Well, here goes nothin....
On Sunday, February 16, 2014 (the day after we hiked Juniper Peak), we drove down to Flagstaff, Arizona. We did a little sight-seeing at Wupatki National Monument, where we walked around 800 year old Pueblo Ruins, but our main objective was to hike as much as the Grand Canyon as we could on President's Day (Monday, February 17, 2014).

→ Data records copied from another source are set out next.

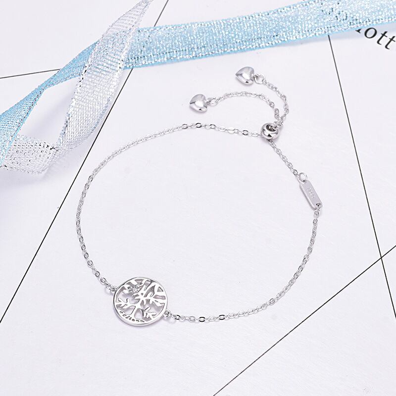 送料無料 925 シルバー レディース ラウンド ツリー オブ ライフ ブレスレット ジュエリー スターリングシルバー ジュエリー チェーン ブレスレット 銀 AE0087001683303932
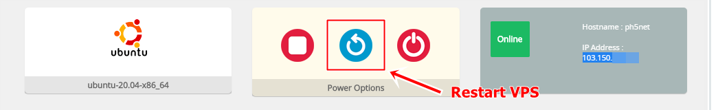 - Restart VPS Anda untuk melanjutkan ke tahap berikutnya
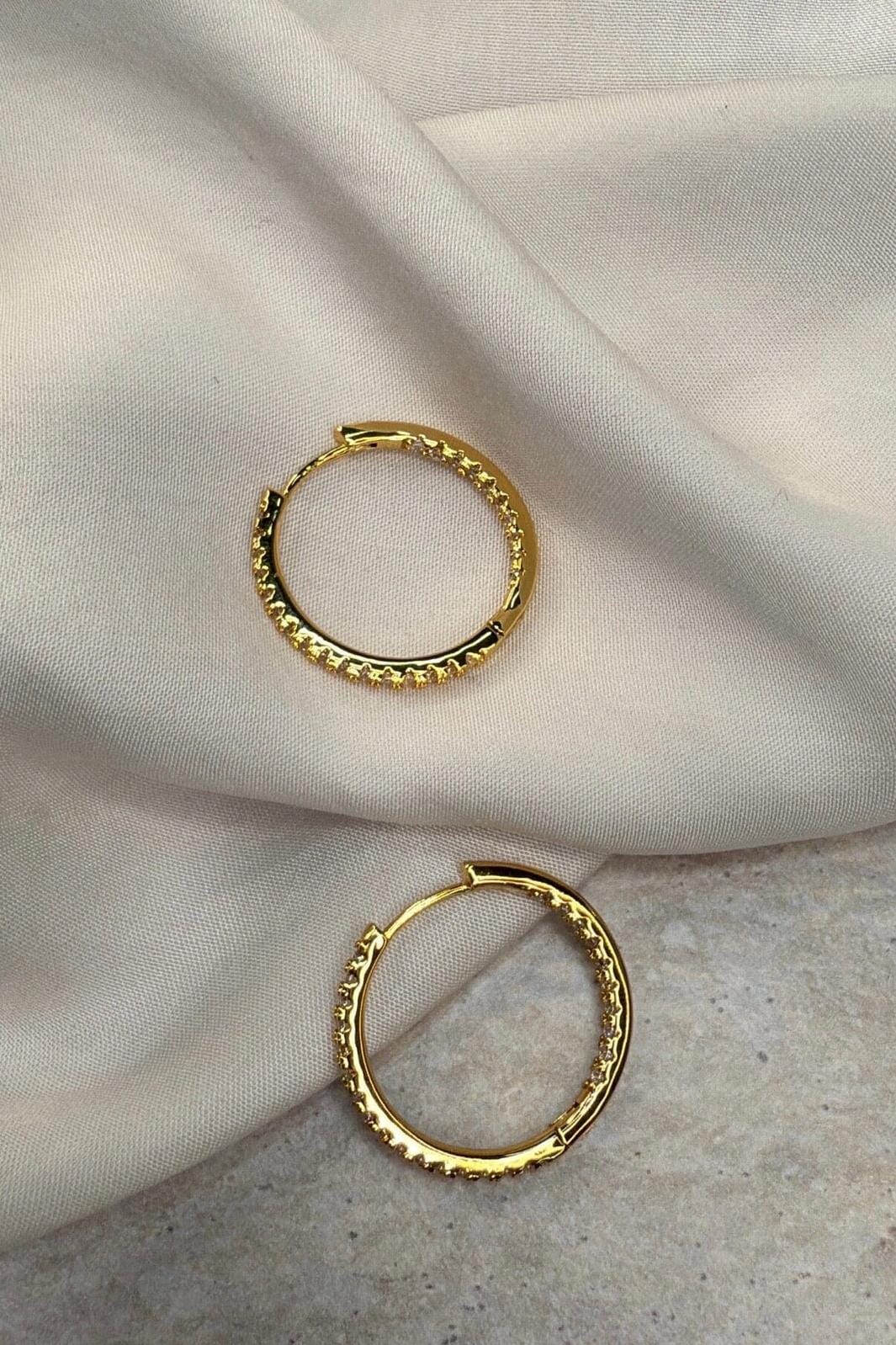Pozłacane kolczyki koła od Molly&My Jewellery. Kolczyki wykonane są z mosiądzu z małymi, przezroczystymi kamieniami CZ wzdłuż zewnętrznej krawędzi, w okrągłym kształcie.
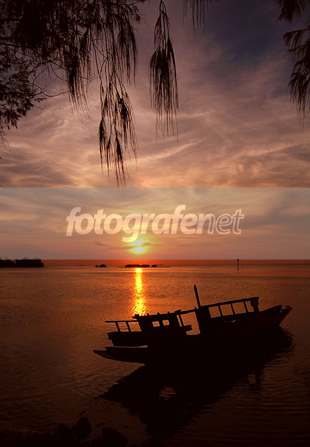senja yang cantik, siluet kapal & daun fgnya cakep...karimun memang surga... salam...

Wupatki Pueblo @ Wupatki National Monument |
It was a little chillier than my Las Vegas acclimated body was used to |
I previously hiked a few miles of the South Kaibab Trail and I vowed that I would NEVER again hike up the South Kaibab Trail. Saying that the first/last mile of the trail is steep is a bit of an understatement. With that in mind, we decided we'd stick to the Bright Angel Trail.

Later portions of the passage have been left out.